Moore v. Regents of the University of California [1990]

51 Cal. 3d 120 (1990) · Supreme Court of California · California, United States

property lawproperty lawbioethics lawhealth law

Issue

Did the patient retain property rights in excised cells?

Held

No conversion claim, but fiduciary duty and informed consent claims could proceed.

Exam use

Review the ratio and reasoning before applying this case in problem questions.

Summary

Important bioethics, property, and informed consent case.

Facts

Researchers developed a cell line from a patient's biological materials without fully disclosing commercial interests.

Issue

Did the patient retain property rights in excised cells?

Held

No conversion claim, but fiduciary duty and informed consent claims could proceed.

Ratio Decidendi

Patients may have disclosure-based claims even when conversion does not apply to excised cells.

Reasoning

The court was reluctant to extend property rights in human tissues after removal.

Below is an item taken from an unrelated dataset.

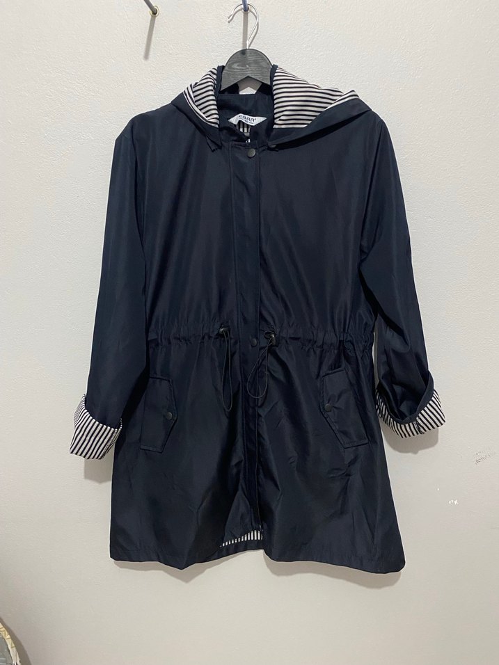 Bu lacivert midi ceket, kemerli bel ve uzun kollu rahat kesime sahiptir. Çizgili kapüşon astarı ve kesik yaka ile Paris sokak stilini yansıtır. Günlük kullanıma uygundur.

Essay-Ready Explanation Generator

Version 1 of 4

Reference to Moore v. Regents of the University of California (51 Cal. 3d 120 (1990)) strengthens a property law answer because the case reflects the principle that Patients may have disclosure-based claims even when conversion does not apply to excised cells. Applied to a problem question, the case should be used after identifying the issue as Did the patient retain property rights in excised cells? The stronger essay move is to connect the material facts to the court's holding, then explain whether the present facts support the same conclusion or justify distinguishing the authority.

Significance

Important bioethics, property, and informed consent case.

Related Cases

No related cases listed.

Exam Tips

Review the ratio and reasoning before applying this case in problem questions.

Revision Checklist

  • Name the issue before discussing facts so the marker sees the legal question immediately.
  • State the holding in one sentence, then use the ratio to explain why the court reached that result.
  • Use the citation and jurisdiction to show why this authority matters for the problem you are answering.
  • Pair this case with one supporting or contrasting authority if the question tests limits, policy, or exceptions.